Task inputs:
------------------------------------------------------------------------
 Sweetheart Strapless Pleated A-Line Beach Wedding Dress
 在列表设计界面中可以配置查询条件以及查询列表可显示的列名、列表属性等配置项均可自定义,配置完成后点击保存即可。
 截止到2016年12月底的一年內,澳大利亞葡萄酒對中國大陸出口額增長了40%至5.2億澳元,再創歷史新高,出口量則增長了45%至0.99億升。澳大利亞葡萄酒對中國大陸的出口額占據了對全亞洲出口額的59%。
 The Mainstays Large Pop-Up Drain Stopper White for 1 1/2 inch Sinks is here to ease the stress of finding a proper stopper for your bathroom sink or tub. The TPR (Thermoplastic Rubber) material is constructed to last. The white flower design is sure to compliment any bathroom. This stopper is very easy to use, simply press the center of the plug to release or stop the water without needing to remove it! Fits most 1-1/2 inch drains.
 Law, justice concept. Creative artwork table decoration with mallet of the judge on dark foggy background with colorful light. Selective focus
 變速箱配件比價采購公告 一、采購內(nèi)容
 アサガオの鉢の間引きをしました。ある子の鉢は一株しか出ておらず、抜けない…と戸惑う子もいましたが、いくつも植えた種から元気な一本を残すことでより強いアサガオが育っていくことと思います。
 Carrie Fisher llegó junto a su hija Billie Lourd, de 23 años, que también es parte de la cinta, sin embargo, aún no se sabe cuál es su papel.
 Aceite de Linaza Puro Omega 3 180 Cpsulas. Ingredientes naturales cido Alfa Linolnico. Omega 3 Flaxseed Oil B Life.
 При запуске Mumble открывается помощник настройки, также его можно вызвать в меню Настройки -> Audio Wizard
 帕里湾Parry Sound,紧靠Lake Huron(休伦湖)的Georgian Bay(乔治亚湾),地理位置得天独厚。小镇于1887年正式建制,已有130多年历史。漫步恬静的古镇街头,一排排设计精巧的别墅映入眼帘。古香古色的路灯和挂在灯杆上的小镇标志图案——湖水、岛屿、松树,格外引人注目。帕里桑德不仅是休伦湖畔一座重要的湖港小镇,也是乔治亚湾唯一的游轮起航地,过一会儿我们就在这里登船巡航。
------------------------------------------------------------------------
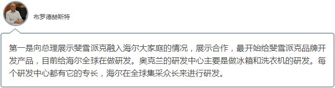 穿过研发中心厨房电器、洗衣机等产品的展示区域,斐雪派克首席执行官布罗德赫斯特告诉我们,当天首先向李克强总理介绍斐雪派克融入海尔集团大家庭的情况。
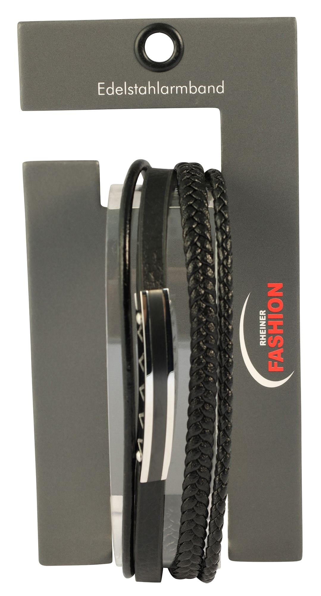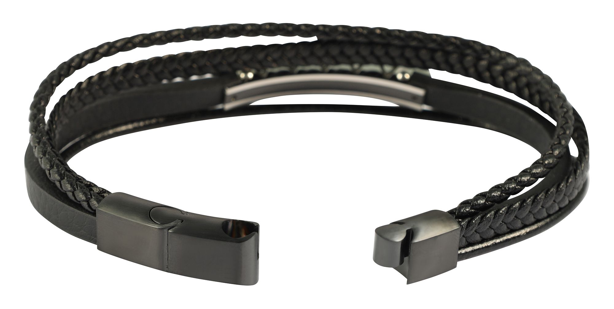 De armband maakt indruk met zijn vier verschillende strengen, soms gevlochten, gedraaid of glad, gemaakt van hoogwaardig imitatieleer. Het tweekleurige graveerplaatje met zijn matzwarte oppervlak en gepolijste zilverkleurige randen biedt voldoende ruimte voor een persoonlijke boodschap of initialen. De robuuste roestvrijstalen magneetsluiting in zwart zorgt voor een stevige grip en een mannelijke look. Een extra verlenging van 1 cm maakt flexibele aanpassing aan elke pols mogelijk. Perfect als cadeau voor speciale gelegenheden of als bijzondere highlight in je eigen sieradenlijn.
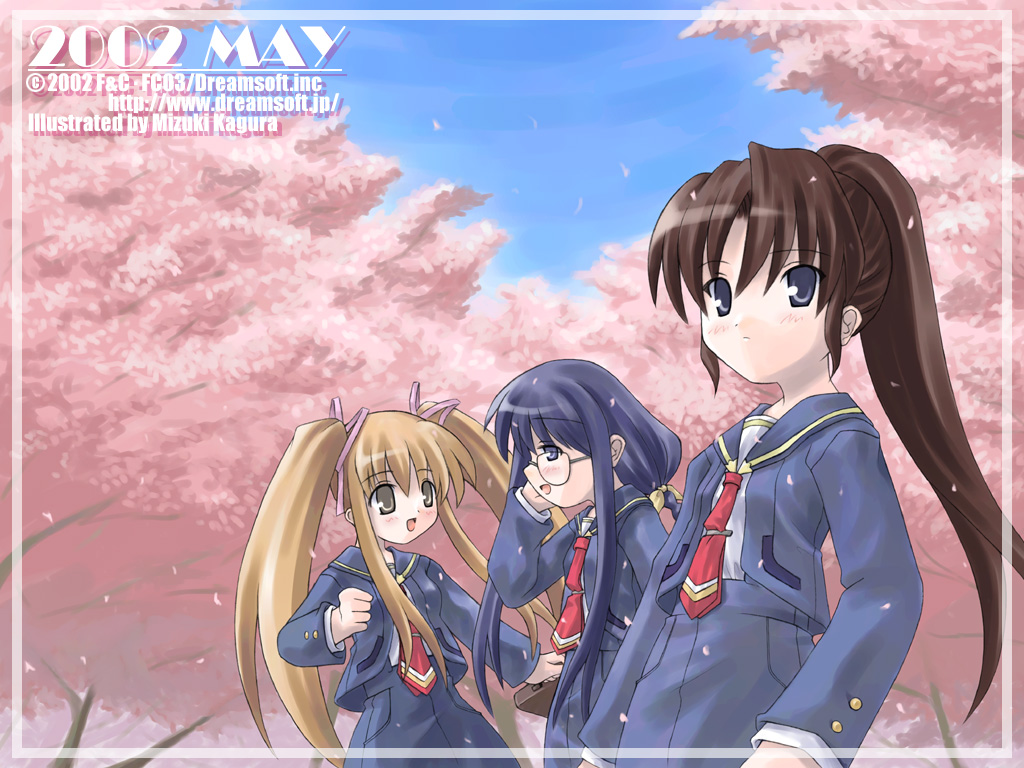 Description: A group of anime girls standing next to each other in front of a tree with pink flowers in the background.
------------------------------------------------------------------------
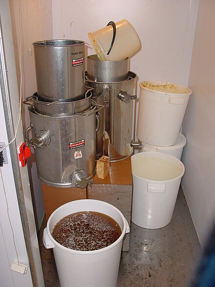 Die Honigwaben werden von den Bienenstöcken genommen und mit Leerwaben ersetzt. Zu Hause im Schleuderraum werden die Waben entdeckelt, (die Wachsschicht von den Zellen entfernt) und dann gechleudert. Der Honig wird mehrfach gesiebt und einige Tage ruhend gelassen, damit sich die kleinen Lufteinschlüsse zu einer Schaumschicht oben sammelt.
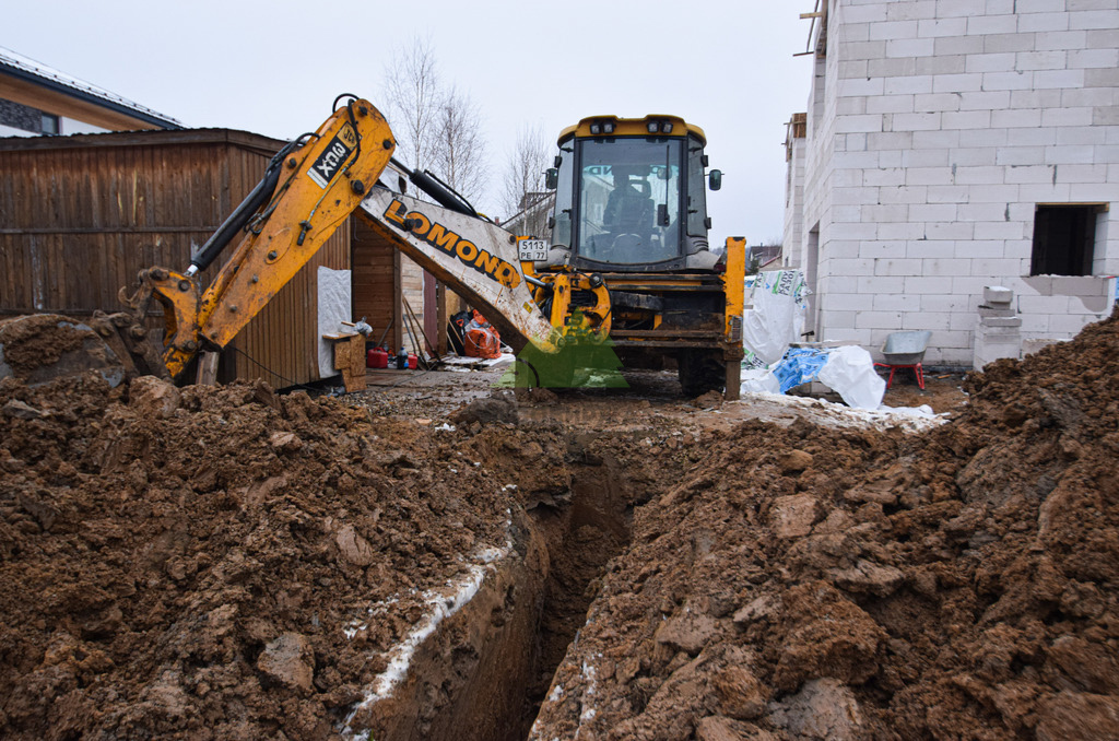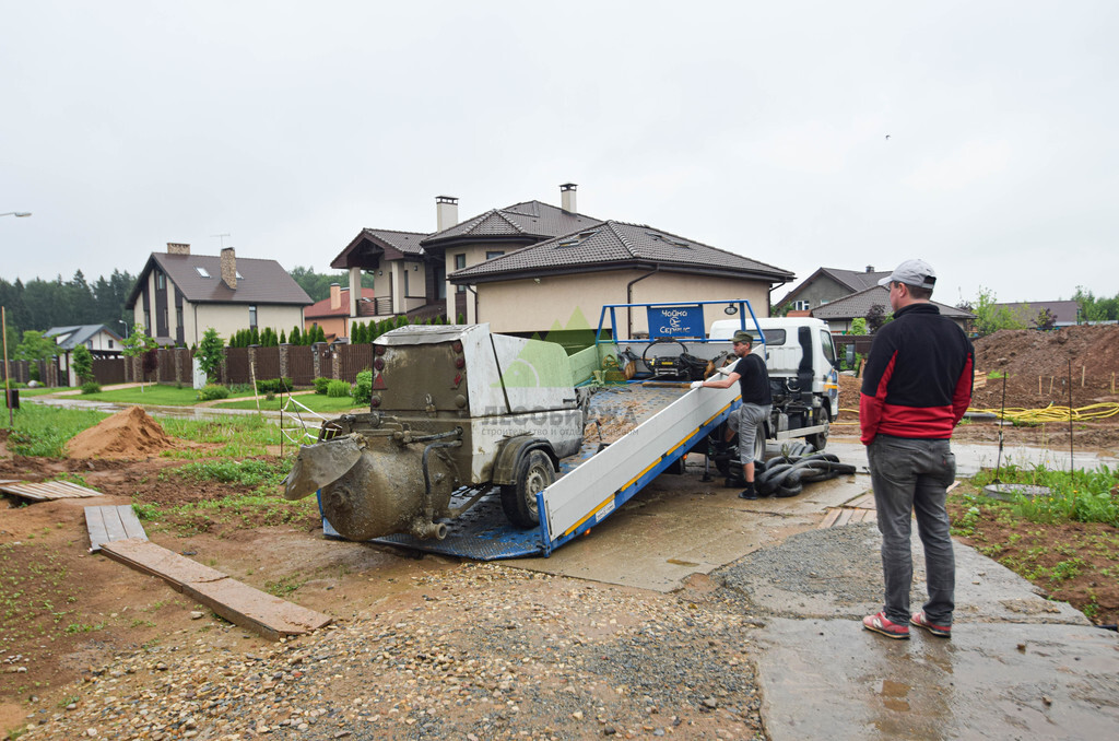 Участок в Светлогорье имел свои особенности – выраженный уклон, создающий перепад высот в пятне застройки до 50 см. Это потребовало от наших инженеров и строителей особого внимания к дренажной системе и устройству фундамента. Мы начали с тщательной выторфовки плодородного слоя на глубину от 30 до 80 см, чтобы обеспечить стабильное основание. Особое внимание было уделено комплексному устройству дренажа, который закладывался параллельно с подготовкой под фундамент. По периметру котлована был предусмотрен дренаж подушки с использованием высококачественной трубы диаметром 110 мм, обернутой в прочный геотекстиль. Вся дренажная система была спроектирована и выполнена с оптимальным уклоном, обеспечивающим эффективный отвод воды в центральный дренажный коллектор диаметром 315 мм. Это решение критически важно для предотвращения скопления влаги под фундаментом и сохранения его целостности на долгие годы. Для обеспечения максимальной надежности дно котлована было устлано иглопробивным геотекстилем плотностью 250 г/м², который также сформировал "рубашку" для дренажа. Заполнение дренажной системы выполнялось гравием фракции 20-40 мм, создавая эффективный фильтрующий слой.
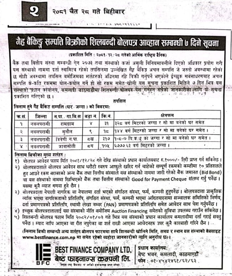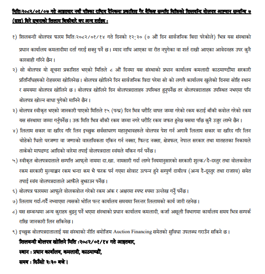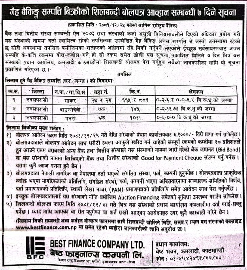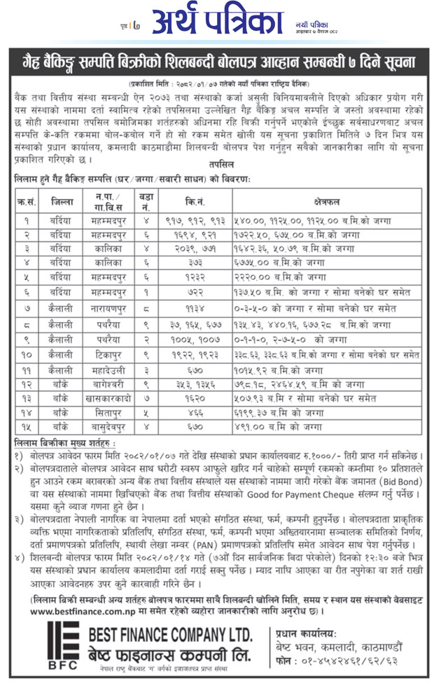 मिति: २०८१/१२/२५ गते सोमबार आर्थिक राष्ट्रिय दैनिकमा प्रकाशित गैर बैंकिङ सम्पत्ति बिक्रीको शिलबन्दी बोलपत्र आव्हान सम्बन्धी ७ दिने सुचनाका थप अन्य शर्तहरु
------------------------------------------------------------------------
What you need to do: Once you reach the line with "截止到2016年12月底的一" in the data above, copy it and every line after it exactly, up to and including the line with "Aceite de Linaza".

Answer below:
 截止到2016年12月底的一年內,澳大利亞葡萄酒對中國大陸出口額增長了40%至5.2億澳元,再創歷史新高,出口量則增長了45%至0.99億升。澳大利亞葡萄酒對中國大陸的出口額占據了對全亞洲出口額的59%。
 The Mainstays Large Pop-Up Drain Stopper White for 1 1/2 inch Sinks is here to ease the stress of finding a proper stopper for your bathroom sink or tub. The TPR (Thermoplastic Rubber) material is constructed to last. The white flower design is sure to compliment any bathroom. This stopper is very easy to use, simply press the center of the plug to release or stop the water without needing to remove it! Fits most 1-1/2 inch drains.
 Law, justice concept. Creative artwork table decoration with mallet of the judge on dark foggy background with colorful light. Selective focus
 變速箱配件比價采購公告 一、采購內(nèi)容
 アサガオの鉢の間引きをしました。ある子の鉢は一株しか出ておらず、抜けない…と戸惑う子もいましたが、いくつも植えた種から元気な一本を残すことでより強いアサガオが育っていくことと思います。
 Carrie Fisher llegó junto a su hija Billie Lourd, de 23 años, que también es parte de la cinta, sin embargo, aún no se sabe cuál es su papel.
 Aceite de Linaza Puro Omega 3 180 Cpsulas. Ingredientes naturales cido Alfa Linolnico. Omega 3 Flaxseed Oil B Life.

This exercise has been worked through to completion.